Lara lag im Bett und sog den Duft der kühlen, feuchten Stadtluft ein. Es roch nach warmen, nassen Asphalt und nach feuchter Erde. Das war der beste Duft, den man sich zum Einschlafen wünschen konnte, der Geruch von Frühsommerregen und verhangenem Mondschein. Aber Lara schlief nicht ein. Sie dachte an Bastian und Isabella, mit denen sie so viel gemein hatte und von denen sie doch Welten trennten. Wie erschrocken sie gewesen war, als Bastian ihr angeboten hatte, mitzukommen. Wer hätte an so ein Angebot gedacht und es auch noch ernst gemeint? Lara musste komplett plemplem ausgesehen haben, so übertrieben wie sie sich rausgeredet hatte. Hoffentlich erzählte er das morgen nicht in der Klasse rum: »Stellt euch vor, wie blöd die geguckt hat, nur weil ich ihr so aus Mitleid angeboten habe, mitzukommen. Und wie die rumgerannt ist, überhaupt!«
Eigentlich war Bastian überhaupt nicht so drauf, aber Lara konnte sich nicht sicher sein. Bei niemandem, das war klar. Sie war immer noch neu – und sie war immer noch ziemlich alleine in dieser Klasse. Lara hatte immer noch nicht ganz verstanden, wie sie sich geben, sprechen - sein sollte, um mehr Menschen um sich zu haben. Um interessanter für andere zu sein. Jemanden ... Das alles war keine schöne Aussicht, um einzuschlafen, aber irgendwie gelang es ihr schließlich trotzdem.

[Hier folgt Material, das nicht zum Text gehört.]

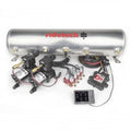 - RidePro 4-way valve block, dual Thomas 319 compressors, aluminum 5 gallon tank, 1/4″ airlines and fittings.
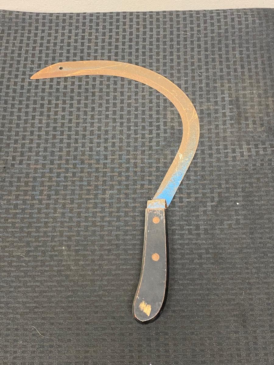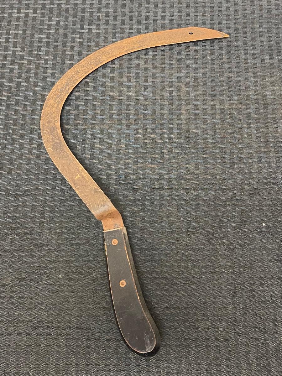 Handheld sickle. A bit rusty but useable. Great for garden use or horror prop.

Bastian lag an diesem Abend noch länger wach und starrte die weiße Zimmerdecke über ihm an. Aus dem Gefühl, dass der Nachmittag bei Lara doch ziemlich witzig hätte werden können, war die nagende und drängende Gewissheit geworden, dass er etwas verpasst hatte. Etwas Wichtiges, etwas Schönes vielleicht sogar.
Lara war genauso komisch drauf gewesen, wie sie es in der Schule auch war. Wie sie redete, wie ungelenk sie anderen gegenüber war, direkt grob, wie sie über alles mögliche reden konnte, wofür sich niemand sonst interessierte. Das mochte alles noch aus ihrer alten Schule kommen, hier fiel das alles ziemlich auf und war für die meisten befremdlich. In der Klasse wahrscheinlich für alle. Andererseits: Ein bisschen interessant war das alles schon, fand Bastian irgendwie etwas Besonderes. Wofür sie sich begeistern konnte oder wie sie ihn einfach so ohne zu zögern angeknufft hatte. Das hatte wehgetan und war doch eigentlich total bescheuert! Aber irgendwie auch cool? ... interessant?
Wie diese Blumen? Wer kam auf die Idee, auf dem Balkon Lauch anzubauen und auch noch blühen zu lassen. Die Blüten sahen so unscheinbar aus, komisch und hübsch, wuchsen im Verborgenen und man musste genau hinsehen und sie probieren, um sie zu verstehen und zu fühlen, wie scharf sie waren. Das passte auch alles irgendwie zu -
STOPP!, ermahnte sich Bastian selbst. Dieser Gedanken ging nun doch ziemlich zu weit. Auch, wenn vielleicht was an ihm dran war.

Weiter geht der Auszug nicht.